**Available data**
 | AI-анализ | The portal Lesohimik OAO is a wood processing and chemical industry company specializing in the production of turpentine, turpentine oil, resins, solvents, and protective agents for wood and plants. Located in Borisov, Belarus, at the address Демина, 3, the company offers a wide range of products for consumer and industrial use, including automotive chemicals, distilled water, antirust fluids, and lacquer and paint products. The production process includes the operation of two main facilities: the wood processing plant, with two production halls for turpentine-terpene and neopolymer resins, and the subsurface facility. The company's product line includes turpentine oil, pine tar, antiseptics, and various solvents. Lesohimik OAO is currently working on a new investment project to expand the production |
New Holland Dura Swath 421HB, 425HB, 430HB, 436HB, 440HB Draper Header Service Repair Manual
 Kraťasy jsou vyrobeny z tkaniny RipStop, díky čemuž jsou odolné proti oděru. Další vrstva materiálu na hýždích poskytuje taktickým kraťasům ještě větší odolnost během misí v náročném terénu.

---

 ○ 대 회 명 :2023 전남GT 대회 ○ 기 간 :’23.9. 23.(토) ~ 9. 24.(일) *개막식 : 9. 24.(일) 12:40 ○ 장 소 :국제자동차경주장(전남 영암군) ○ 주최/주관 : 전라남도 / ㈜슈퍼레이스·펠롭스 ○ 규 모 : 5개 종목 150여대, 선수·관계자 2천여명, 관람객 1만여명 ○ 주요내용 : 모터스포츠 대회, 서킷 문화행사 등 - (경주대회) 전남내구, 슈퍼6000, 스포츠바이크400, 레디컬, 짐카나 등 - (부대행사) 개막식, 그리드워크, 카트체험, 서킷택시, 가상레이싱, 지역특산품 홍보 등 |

**Problem details**
Where the line holding "the production |" appears in the listing above, start reproducing exactly, and end with the line holding "Kraťasy jsou vyrobeny".

**The answer**
 | AI-анализ | The portal Lesohimik OAO is a wood processing and chemical industry company specializing in the production of turpentine, turpentine oil, resins, solvents, and protective agents for wood and plants. Located in Borisov, Belarus, at the address Демина, 3, the company offers a wide range of products for consumer and industrial use, including automotive chemicals, distilled water, antirust fluids, and lacquer and paint products. The production process includes the operation of two main facilities: the wood processing plant, with two production halls for turpentine-terpene and neopolymer resins, and the subsurface facility. The company's product line includes turpentine oil, pine tar, antiseptics, and various solvents. Lesohimik OAO is currently working on a new investment project to expand the production |
New Holland Dura Swath 421HB, 425HB, 430HB, 436HB, 440HB Draper Header Service Repair Manual
 Kraťasy jsou vyrobeny z tkaniny RipStop, díky čemuž jsou odolné proti oděru. Další vrstva materiálu na hýždích poskytuje taktickým kraťasům ještě větší odolnost během misí v náročném terénu.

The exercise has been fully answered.